A rapid, solvent-free deprotection of methoxymethyl (MOM) ethers by pTSA; An eco-friendly approach
Pandurangan, Nanjan
, p. 231 - 235 (2017/07/15)
Background: Ease of preparation and alkaline stability of methoxymethyl (MOM) makes it an important hydroxyl protecting group. A number of methods are available for the deprotection of MOM. Though the methods are good in general, they use solvents, require prolonged reaction time and tedious work up. A solvent free, solid phase, fast deprotection of MOM has been developed and is the major theme of this paper. Methods: A mixture of MOM protected compounds and pTSA is triturated in a mortar (5 min) and left at room temperature for 30 min. On addition of water (4°C), pTSA, methanol and formaldehyde dissolved leaving the products as precipitates.

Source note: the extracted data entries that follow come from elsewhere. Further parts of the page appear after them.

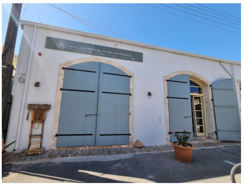
Figure 9. Bilal Aga Masjid and Cultural Center.

Another significant point of interest on the Closed Varosha Dark Tourism tour is the Bilal Aga Masjid and Cultural Centre. It is documented that the mosque was inaugurated for worship on 20 July 2021, following a period of 47 years ( Figure 9 ). The panel situated at the front of the mosque presents an account of the site's history ( Figure 10 ). The total area of the mosque (dated 1813) and adjacent lands belonging to the Bilal Aga Foundation is 582.6 m². According to the archive of the foundation, dated 8 November 1902, the foundation is located to the west of the mosque and was constructed from cut stones in 1891.
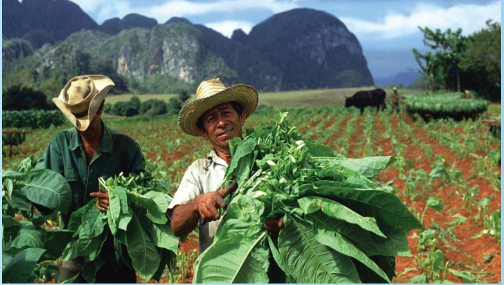
Farmers grow much of the world's premium cigar tobacco in the fertile Viñales Valley, a UNESCO World Heritage site, in the agricultural province of Pinar del Río.
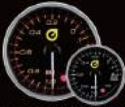
355VA-52-WP (BAR/PSI) 355VA-60-WP (BAR/PSI) ELECTRICAL VACUUM GAUGE W / SENSOR
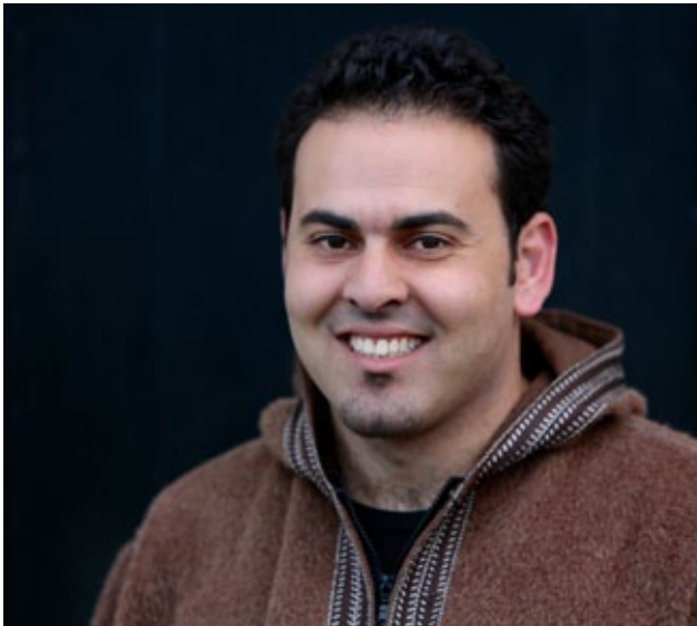
GFPPP participant from Morocco

therefore deprived of the opportunity to officially defend themselves.
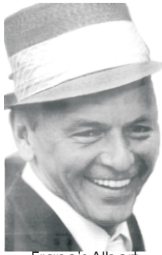
Francis Albert Sinatra

He's no Diesel (the winner of last month's award), but he sure kicks butt, too. I know, I know, you're all saying, "this guy doesn't even wrestle". I know! Bobby Heenan doesn't wrestle either, but you can't say he isn't funny. Frank has been around since 1915 just 'a singin' and 'a dancin' and I think he's great. When I die, I'm having "My Way" played at my funeral. Besides, I couldn't think of any wrestler that deserved this honor besides Deisel.
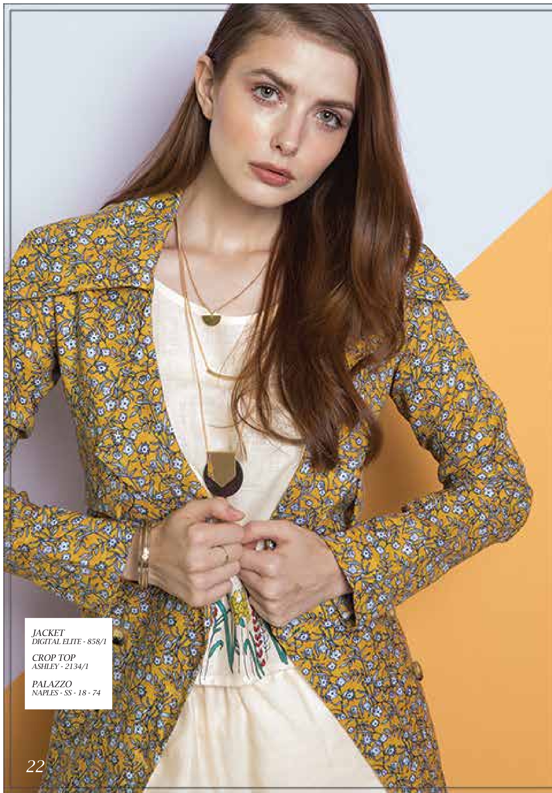
JACKET DIGITAL ELITE - 858/1 CROP TOP ASHLEY - 2134/1 PALAZZO NAPLES - SS - 18 - 74
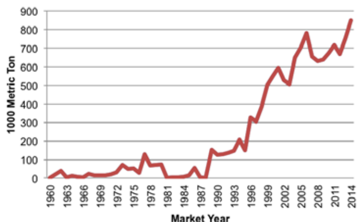
Figure 2: Increase in Guatemala Corn Imports, from 0 to 850 000 tons per year, 1960-2014

Guatemala’s example is not isolated; during the 2008 food crisis, food insecurity among countries that had adopted the large-scale export agriculture model was rampant worldwide. The FAO highlighted that the most vulnerable countries were those that bore “the highest burden of the increasing cost of imported food, with total expenditures by Low-Income Food-Deficit Countries (LIFDCs) some 35 percent higher in 2008 than in 2007—the largest annual increase on record.” 81 In dozens of countries, the increase of food prices generated great concerns over countries’ ability to keep financing cereal imports for their populations and possibilities of civil unrest.
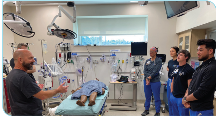
Trauma Simulation Training
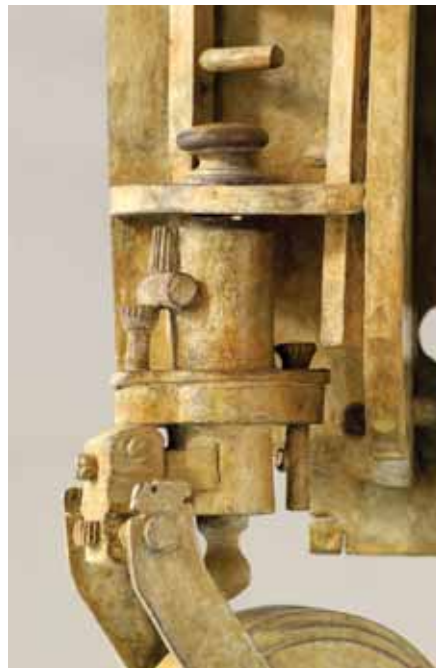
detail of LOOKOUT
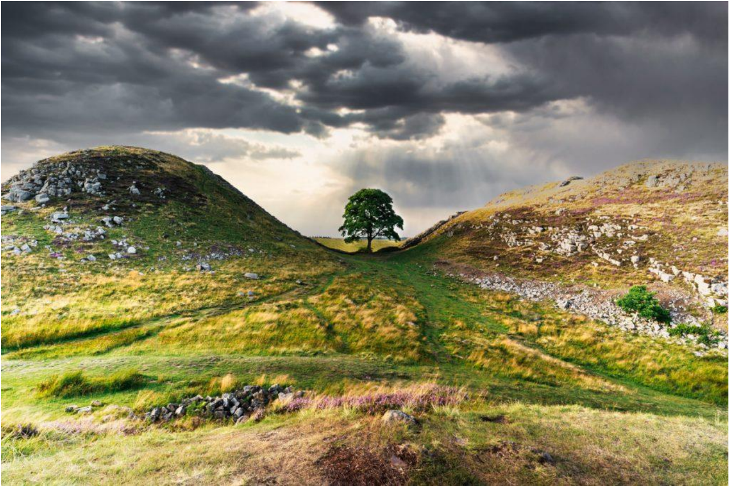
[Above: ] Sycamore Gap, Hadrian's Wall, England.
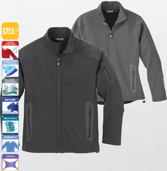
88138 & 78060 ASH CITY - NORTH ENDTHREE-LAYER FLEECE BONDED SOFT SHELL TECHNICAL JACKET
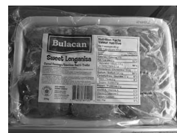
Bulacan sweet & hot longganisa - $1.99 each
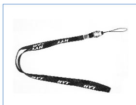
RO01— Hand Strap
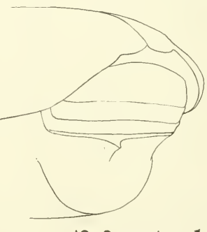
9. S. hermosus of
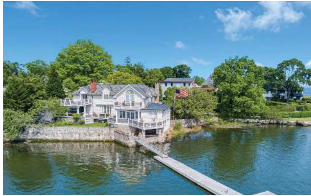
Home for sale at 522 The Parkway in Mamaroneck.

The real estate market in Westchester, Putnam, and Dutchess faced heightened challenges during the second quarter of 2023, characterized by low inventory levels and the impact of an abrupt increase in mortgage interest rates, according to the Houlihan Lawrence Westchester-Putnam-Dutchess Q2 Market Report released today.
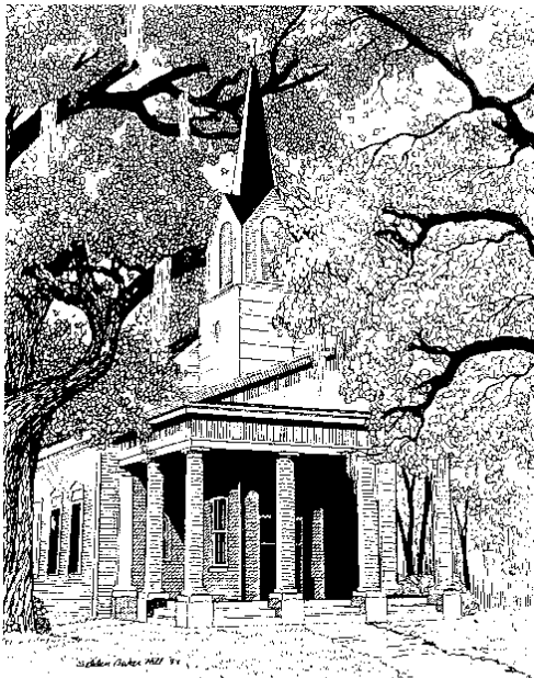
New Wappetaw Presbyterian Church McClellanville, SC

New Wappetaw Presbyterian Church 635 Pinckney Street McClellanville, SC 29458 PO Box 460 nwpconline.org
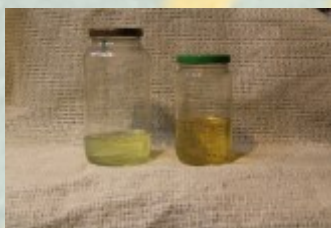
New gas in left jar, old gas in right jar

The next day I thought I figure that I had timing, spark, gas and rotation that the car should start. I was going to do a compression check when it hit me to give the gas a check. I drained about a pint out of the left tank into a glass jar (the Europa has two tanks cross connected). The car was about 1/2 full (about 6 gallons) and I had used Stabil the last time I filled it up. The gas was a slight brownish color with a odd smell. I got another jar and put some fresh gas into it to compare.
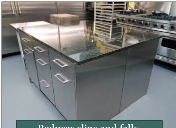
Reduces slips and falls.
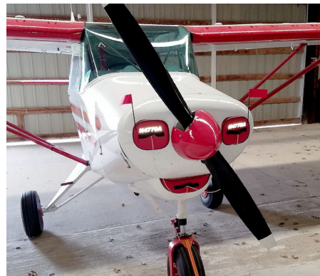
Piper Clipper, Pacer, Tri-Pacer, Vagabond, Colt: PA-15, 16, 20, 22 Engine Inlet Plugs
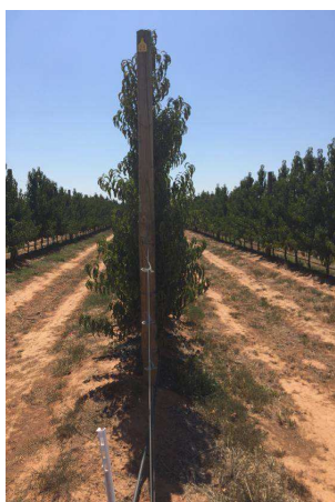
Picture 1: 3-years-old peach 'August Flame' trained as Vertical Axis

Understanding the effects of canopy architecture and crop load on non-structural carbohydrate (NSC) in stonefruit trees is fundamental to boost early bearing and ensure consistent fruit size and quality. NSC, like sucrose or starch, is an important energy store in plants as well as an indicator of potential plant productivity. NSC is critical as a source of reserves for the growth/development and play an important role in tree carbohydrate dynamics, under conditions of excessive sink demand (high crop load) and when carbon acquisition is reduced by biotic and/or abiotic stress (e.g. nutrient, drought stress). There is limited knowledge on the effects of crop load on NSC accumulation in peach as influenced by canopy architecture.
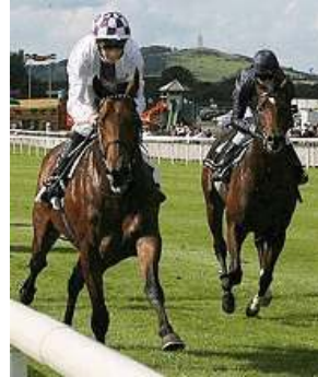
Teofilo (left)
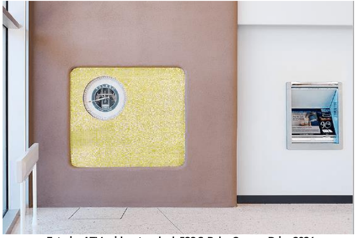
Exterior ATM midcentury look 588 S. Palm Canyon Drive 2024
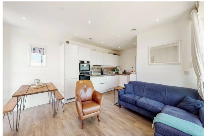
HAWFINCH HOUSE, MOORHEN DRIVE, LONDON, NW9 £445,000 LEASEHOLD
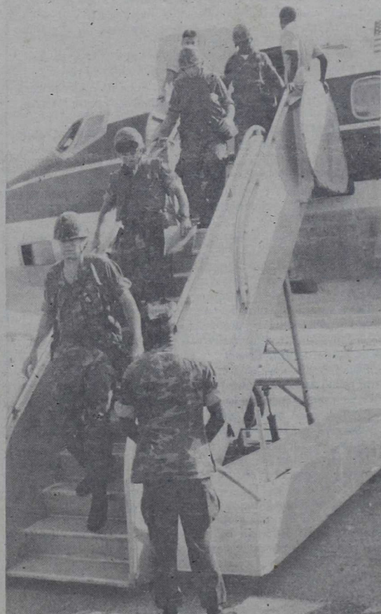
HOME AT LAST — Marines from 1st Battalion, Eighth Marine Regiment arrive at Marine Corps Air Station, Cherry Point, N.C. after spending four weeks at Key West, Fla. The Marines participated in a humanitarian operation to help Cuban refugees arrive in the U.S. Marines from 1st Battalion, Sixth Marine Regiment have replaced 1/8 Marines.
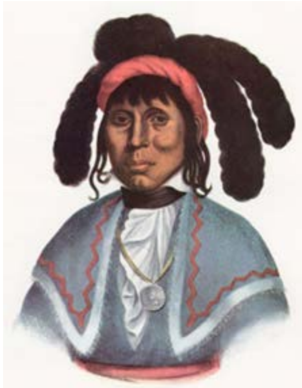
1825 painting of Chief Micanopy by Charles Bird King
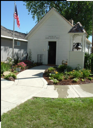
Watab District Number 2

Seeds of faith are always within us; sometimes it takes a crisis to nourish and encourage their growth ~Susan Taylor
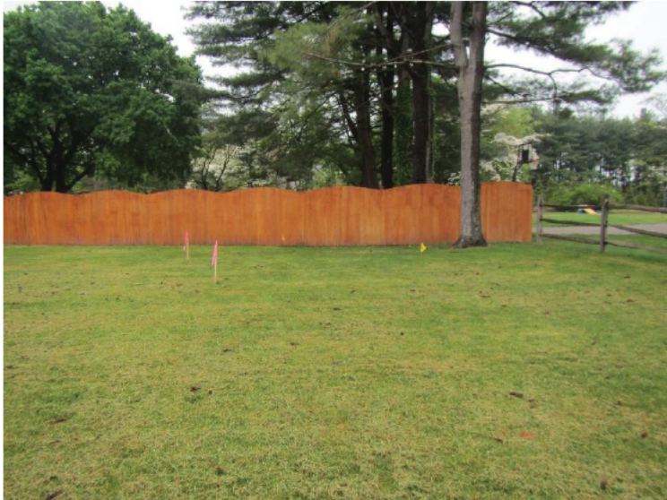
Proposed Well A and MW-16DD locations.
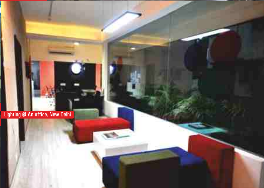
Lighting @ An office, New Delhi
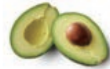
VEG-2007 아보카도 Avocado 48 Count, 48PC, NA
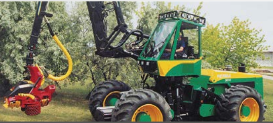
IMO slewing rings and slew drives in action:

Available in a wide range of standard sizes or as customized special solutions; optimized for the agricultural and forestry sector.
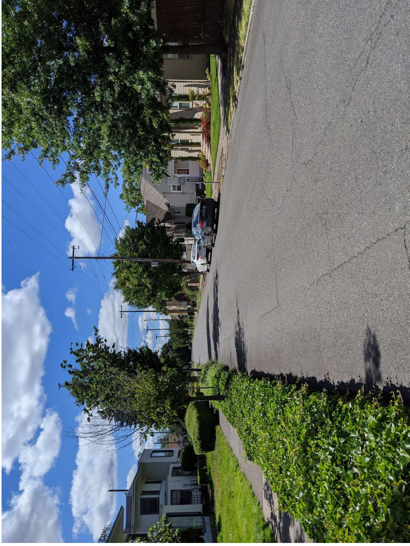
This is a view from the southwest corner of D Street NE and Winter Street NE looking west. Evergreen Church can be seen on the right side of the photo in the distant background. This street has fewer trees and homes are closer to the street. To the right, are four single family homes and to the left are two older multi-family units; a 1976 fourplex at this street intersection and a 1945 duplex on the lot to the west of the duplex.
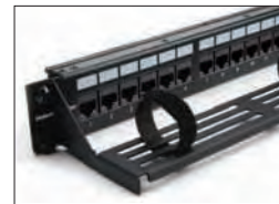
Optional Front Cable Manager
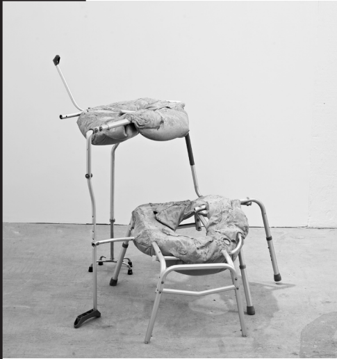
"The set of means arranged in conformity with a plan; a little organized matter disorganized; a few compositional changes, dispose the group, unassemble them. T'was an agreeable episode, now we'll essay another." Ambulatory products, concrete, 2009.

JM: This is actually a concern that has been present for some time now (conscious or not) as I have almost always noticed elements of a totalitarian nature within the work. This occurs sometimes in the forms themselves or in the way they 'exist' and within their relationship with the viewer. At the same time there exists a vulnerability within the work (both within the forms and within the relationship to the viewer) that contradicts an overall authoritarian reading. It seems for Adorno and Horkheimer that this contradiction is inherent to Enlightenment as such, for example: "Enlightenment stands in the same relationship to things as the dictator to human beings", and for them already contains "the germ of regression". It is essential to 'reflect on this regressive moment,' otherwise Enlightenment "seals its own fate". Sade's reason, his unyielding and intransigent use of reason, is meant to shed light on the totalitarian aspect of reason unchecked. It is in this pursuit of the 'implications of reason,' that Adorno and Horkheimer see a laying bare the utopia contained in all great philosophy, that is the utopia of a humanity no longer distorted, hence no longer needs distortion. As this is an important concern within my work I have hopefully answered to the best of my abilities the question posed, but this is not to say that I have fully answered the question.
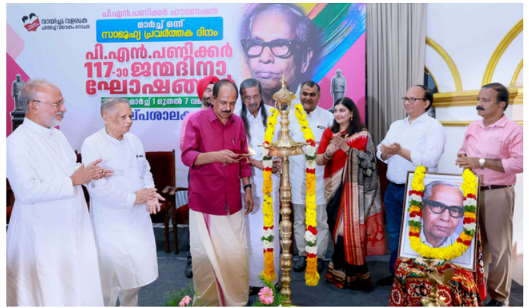
Lighting of the lamp during the workshop,

Results: A series of different MOM ethers were deprotected by this method in good to excellent yield (85-98%). The compatibility of MOM in the presence of other protections such as methoxyl, benzyl, ester, amide, allyl and lactone was also established. Acetate protection is not stable under these conditions. Conclusion: An efficient, selective and high yielding deprotection MOM groups by pTSA under solvent free condition is described. The process is environment friendly since no solvent was used in the deprotection process. The reaction conditions are mild and should be useful for the deprotection of MOM derivatives of complex and labile molecules.